Taking the heat (and returning the favor)

While batteries are good for eking a little more life out of your unplugged laptop or contributing a few extra hours of energy to the inevitable evening electricity spike, eventually power systems will need to add technologies that can provide steady, cheap electricity over the course of the day, or even many days.

One potential solution is thermal storage—variations of which have reached the commercial stage in sites across the globe. In general, thermal storage means using excess energy to heat up a large mass, and later converting that heat energy to electricity as needed. In some of the most sophisticated setups, concentrated solar power is used to melt salt, which is then used to produce steam to generate electricity at non-peak hours. In other versions, tanks of water, beds of particles like sand, or even a large concrete block are heated up instead of salt. Several of our mechanical engineering researchers, including Wagner, Assistant Professor Allison Mahvi, Consolidated Papers Associate Professor Mark Anderson, William A. and Irene Ouweneel-Bascom Professor Greg Nellis, and Professor Doug Reindl, are involved in research to realize and improve these processes.

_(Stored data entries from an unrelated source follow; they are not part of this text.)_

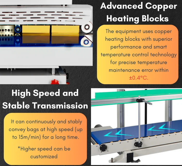 Sealing speed | 0-15m/min(Customizable) | Adjustable sealing range | 100-950mm(Height) | ||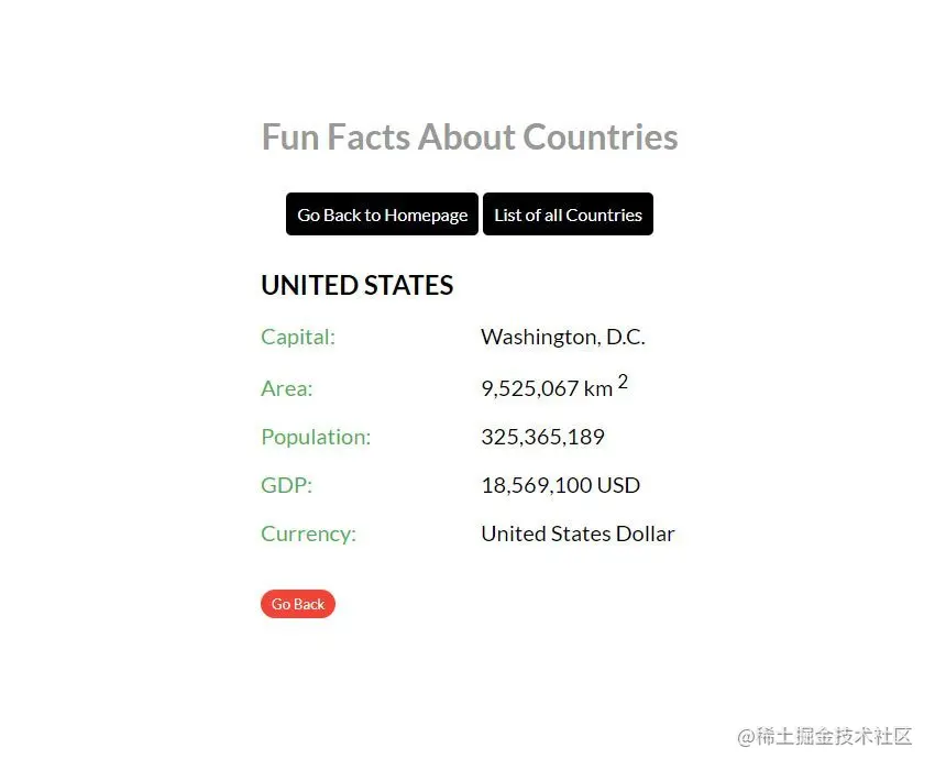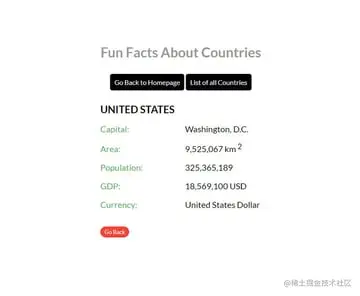 在每个国家的详细信息之后有一个返回按钮。这个后退按钮可以让你回到前一个组件或页面。如果你从HomeComponent 来到CountryDetailComponent ,你会被带回到HomeComponent 。如果你从AllCountriesComponent 来到CountryDetailComponent ,你会被带回到AllCountriesComponent 。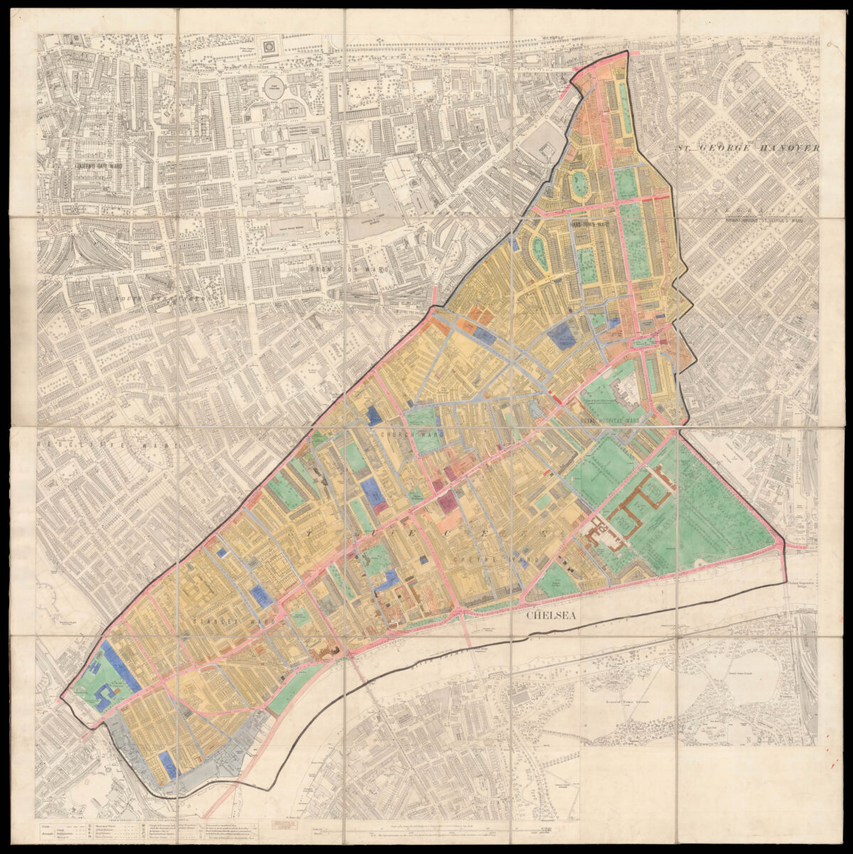 An unusual map of the parish and historical borough of Chelsea. A thick black line denotes the outline of the "Union, Parly. & Met. Boro. Bdy.": Chelsea was made a borough in the London Government Act of 1899, which divided the city into 28 metropolitan boroughs and the city of Westminster. Previously, local government had been overseen by the parish of St Luke's Chelsea, which is also labelled on the map.
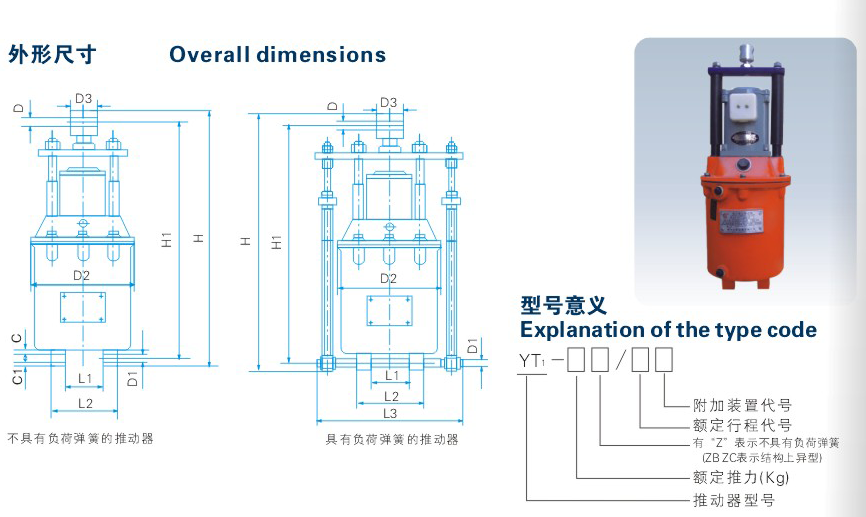 絕緣等級為B級,外殼防護等級為IP54;戶外雨雪侵蝕或有腐蝕性氣體介質(zhì)應(yīng)采用防腐型產(chǎn)品;根據(jù)要求可提供不同電壓,不同頻率等級的推動器。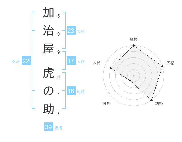 加治屋 虎の助さんの総格は39画の5点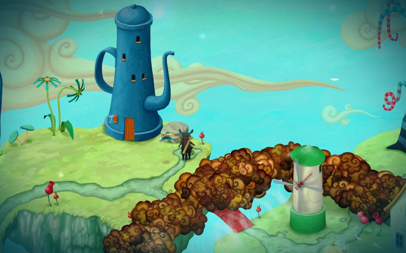 第5个记忆脑。创意花园中,锅屋左边还有幼苗洞,种植一个幼苗,可以看到可以供电的风车,放进一个绿色电池,为风车供电,吹走毒雾气收集第5个回忆。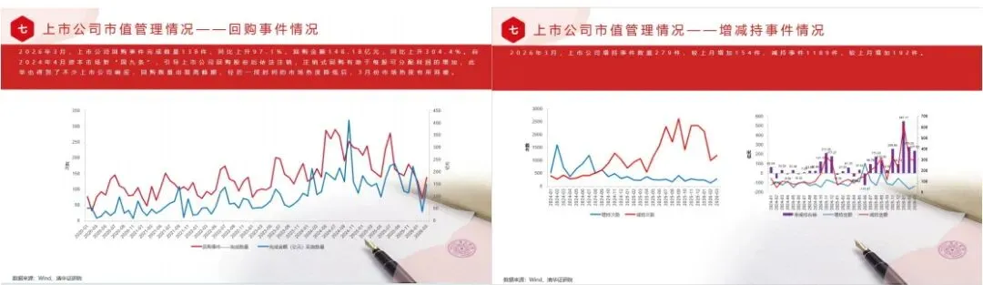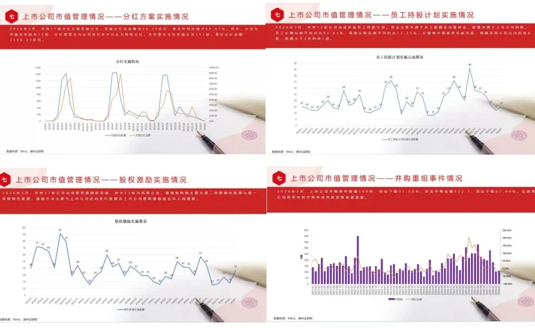 根据wind内地股票专题统计,2026年3月,共有17起分红方案实施公告,实施分红总金额为25.30亿元,较去年同比减少60.07%。其中,公告为实施完毕的有12起,分红类型多为公司进行年中分红与特殊分红。本年累计分红实施公告151起;累计分红金额1196.21亿元。2026年3月,共有15家公司完成实施员工持股计划。资金主要来源于员工薪酬及自筹资金,股票来源于上市公司回购。员工认购比例平均约为81.61%,高管认购比例平均约为13.25%。从董事会预案到实施完成,周期在两个月以内的有8起,周期大于1年的有1起。2026年3月,共有37家公司完成股权激励的实施,其中33家为民营企业。激励标的物主要为第二类限制性股票与第一类限制性股票。激励方式主要为上市公司定向发行股票及上市公司提取激励基金买入流通股。2026年3月,上市公司并购事件数量109件,同比下降51.56%;涉及并购金额522.7亿元,同比下降67.44%。政策红利所带来的并购市场热度显现衰退迹象。2026年3月,上市公司回购事件完成数量138件,同比上升97.1%,回购金额148.18亿元,同比上升304.4%。自2024年4月资本市场新“国九条”,引导上市公司回购股份后依法注销,注销式回购有助于每股可分配利润的增加,此举也得到了不少上市公司响应,回购数量出现高峰期,经历一段时间的市场热度降低后,3月份市场热度有所回暖。2026年3月,上市公司增持事件数量279件,较上月增加154件,减持事件1189件,较上月增加192件。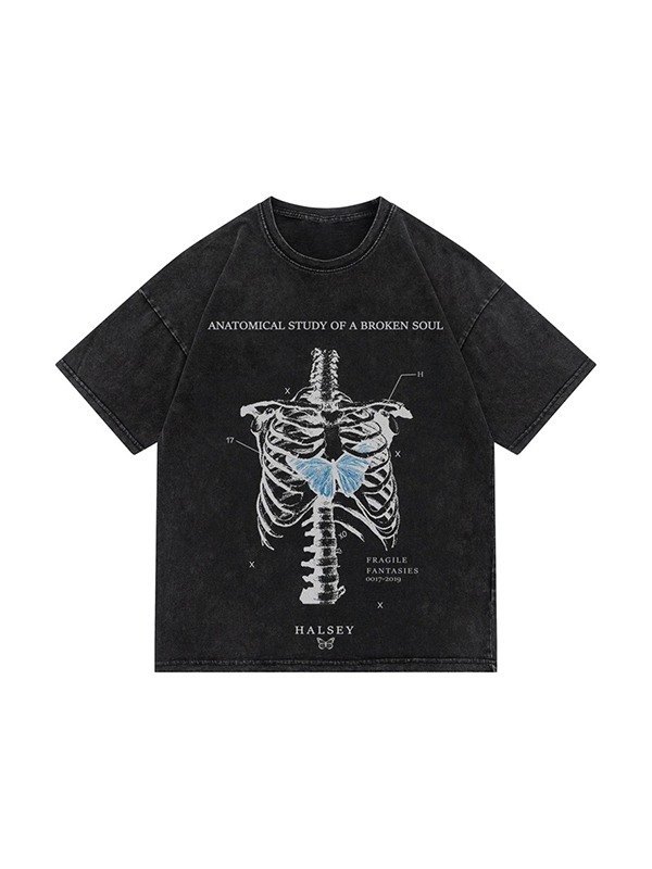 Camiseta extragrande de manga corta con estampado de calaveras viejas lavadas para hombre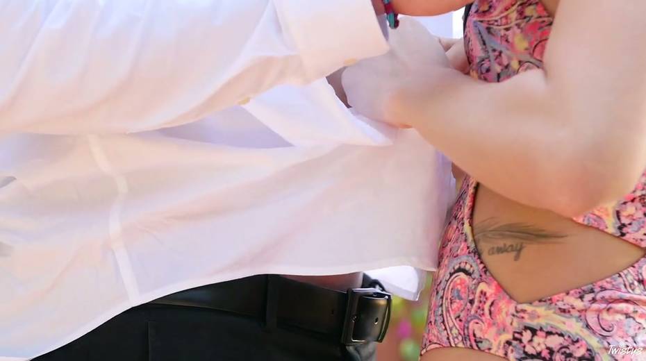 Glamours and oversexed babe Ariana Marie is fucked by waiter outdoor

Future prospects, on demand

Wagner says that the energy storage landscape looks promising, and most of these and other storage technologies are well on the road to becoming viable. Instead of competing with one another, he thinks most of these approaches will find niches where they make the most sense—whether that’s storing energy for the grid, use in transportation, as on-site energy for industrial processes, or something else.

Wagner points out that it took about 120 years for coal technology to fully mature during the Industrial Revolution—yet many emerging storage technologies have gone from an idea to a market-ready solution in a fraction of that time. “With energy storage, researchers are now solving problems that are engineering problems, not fundamental problems,” he says. “Energy storage technologies are maturing; researchers are learning how to make cost-effective systems without exotic minerals. I’m optimistic that the current technology options we have available can get us a big step on the way to decarbonization.”